# I have nice friends........ a nice Mesquite



## David Hill (Mar 22, 2014)

We got out to the ranch and the tree is a really nice Mesquite with a good reasonably straight trunk. I got out my trusty chainsaw and went to work With the help of his tractor, it was cut and loaded in about an hour.
Glad I got this before it gets really hot---was about 75 here today. Perfect timing since I have some orders for items that take big blanks & I'm a little short of those. We were even able to get the root ball & the wood there looks really interesting.

Reactions: Like 9 | EyeCandy! 1


----------



## woodtickgreg (Mar 23, 2014)

Very cool! Free wood always seems better don't it? LOL


----------



## SDB777 (Mar 23, 2014)

I gotta ask.....

Why such short pieces, doesn't that make it hard to mill?
Or are you 'processing' the chunks in some other manner? (I'd like to see the 'set-up')

And finally(I know, will he shut-up already), what you gonna do with the stump?
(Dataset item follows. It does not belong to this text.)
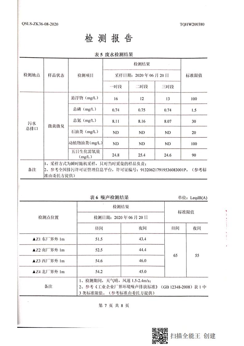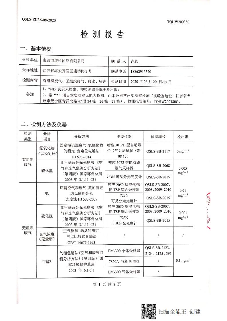 南通市康橋油脂有限公司7月份環(huán)境檢測報告
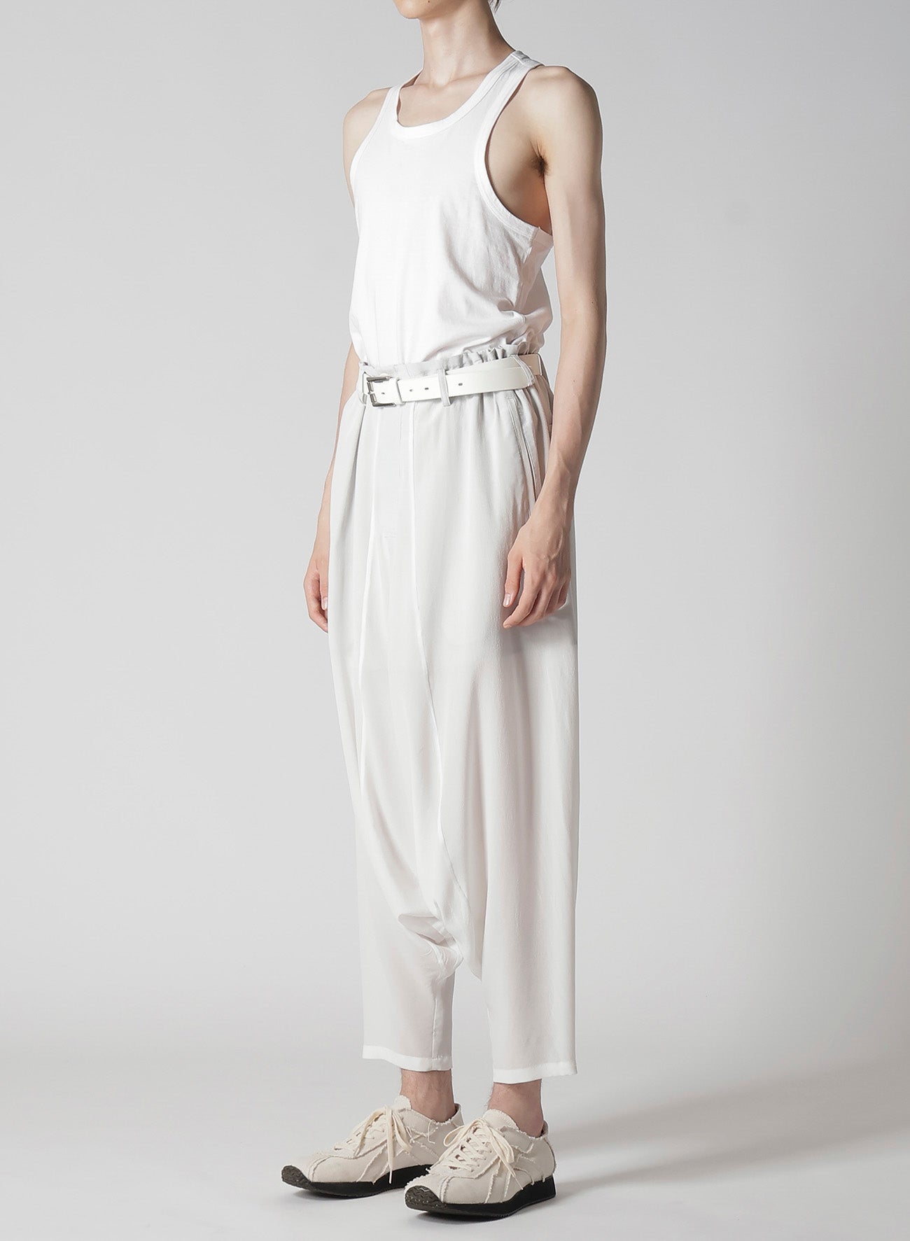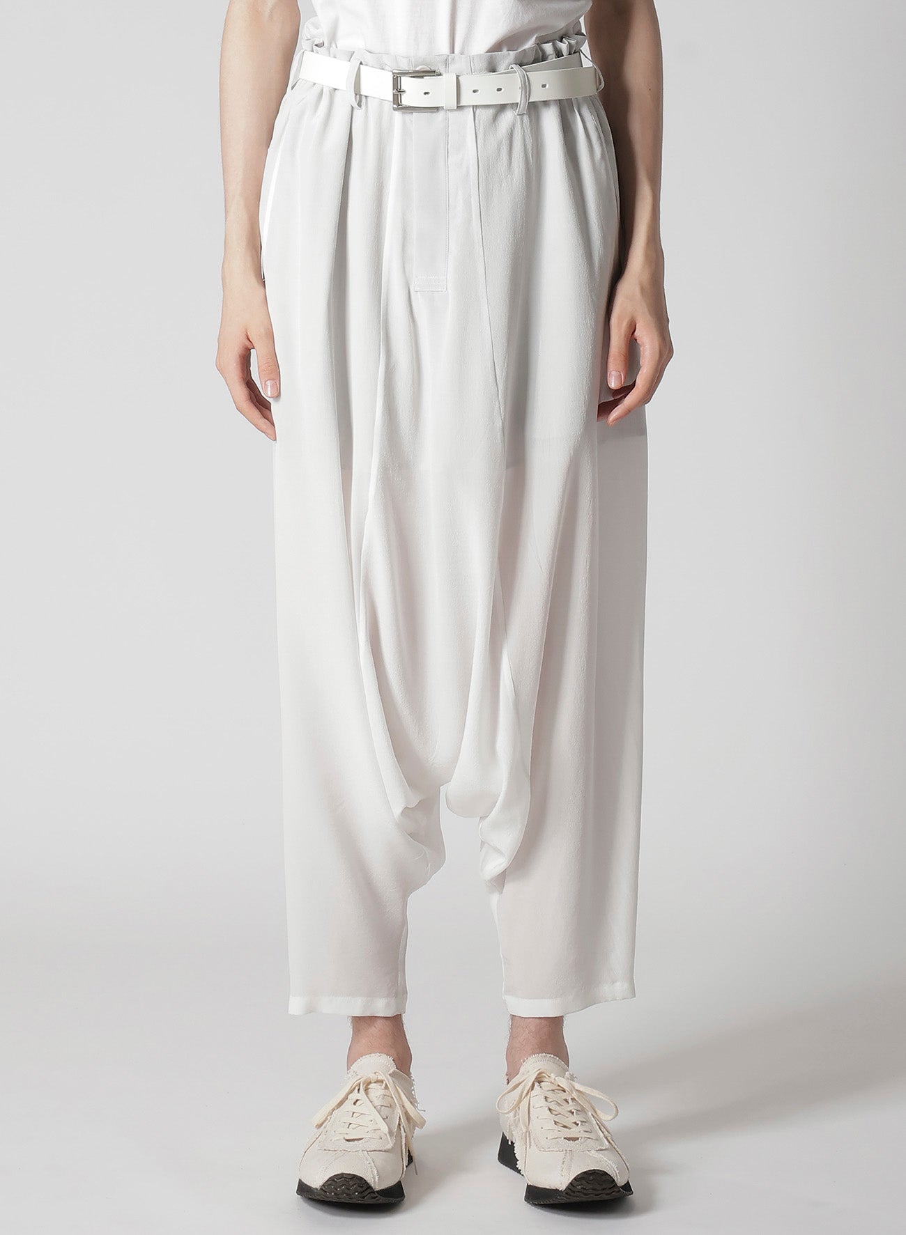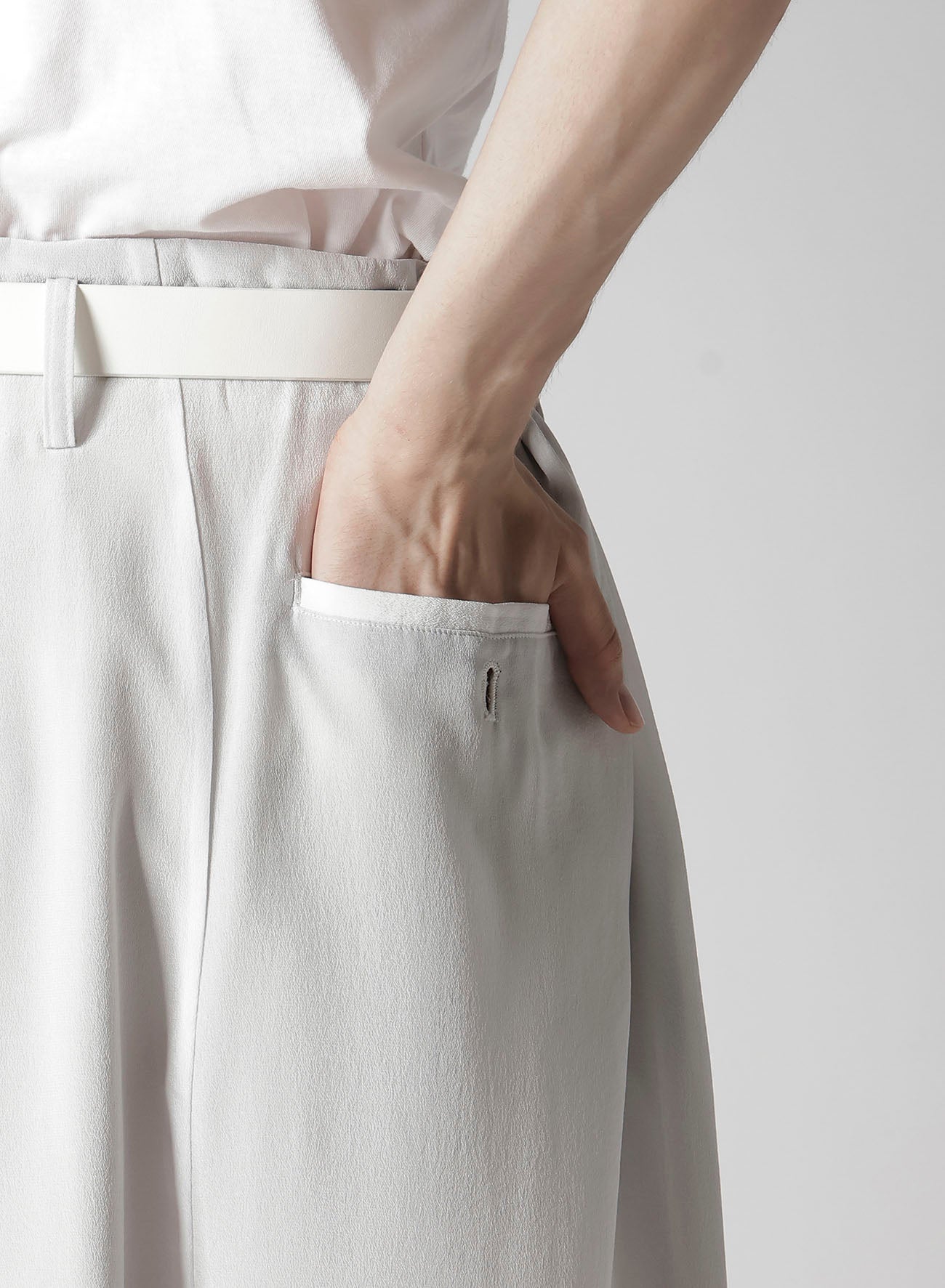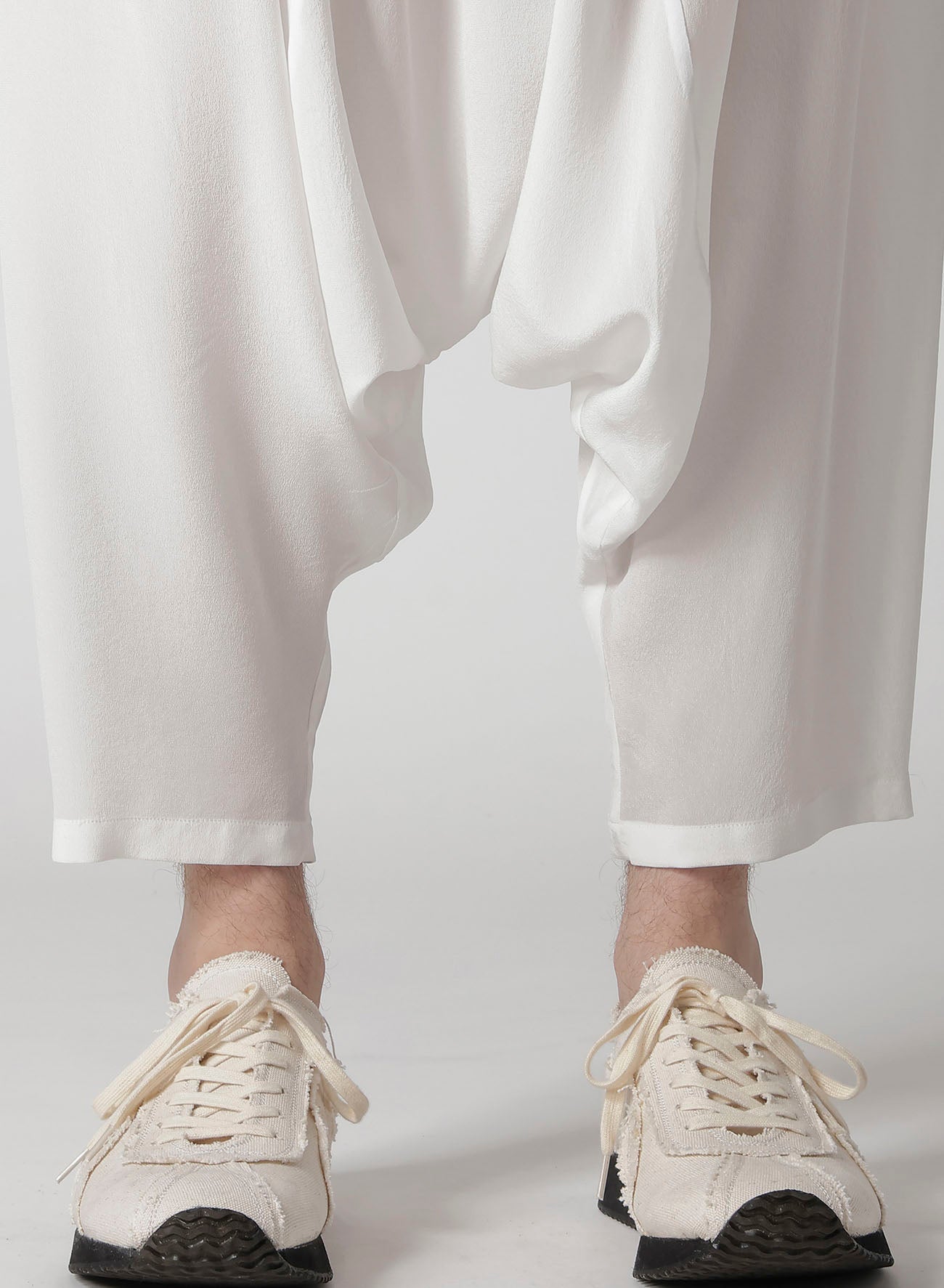 Yohji Yamamoto POUR HOMME's S/S 2025 collection includes sarouel pants with gusset. Crafted from 12-momme crepe de Chine, these pants offer a delicate texture, exquisite shine, and a flowy drapery distinctive to silk. Ideal for creating a refined yet relaxed look.

Pressure washing or some sort of 'tea-bagging' set-up to get the dirt off....



Regardless, free timber is always way up on the chart of 'just too cool'! Can't wait to see what the insides look like(hint,hint)







Scott (nice trailer too) B

Reactions: Like 1


----------



## Kevin (Mar 23, 2014)

Those are some really nice skeet logs. Looks like honey mesquite. Hard to find them that large without lots of shake.


----------



## David Hill (Mar 23, 2014)

SDB777 said:


> I gotta ask.....
> Why such short pieces, doesn't that make it hard to mill?



Scott,
I process them mostly as I need'em or have a day when I feel like using my chainsaw--freehand. After doing this a few times/patience my cuts are pretty good-for me anyway.
Plus I use really aggressive chains so it doesn't take as long to make the rip cuts (with appropriate safety attire).


----------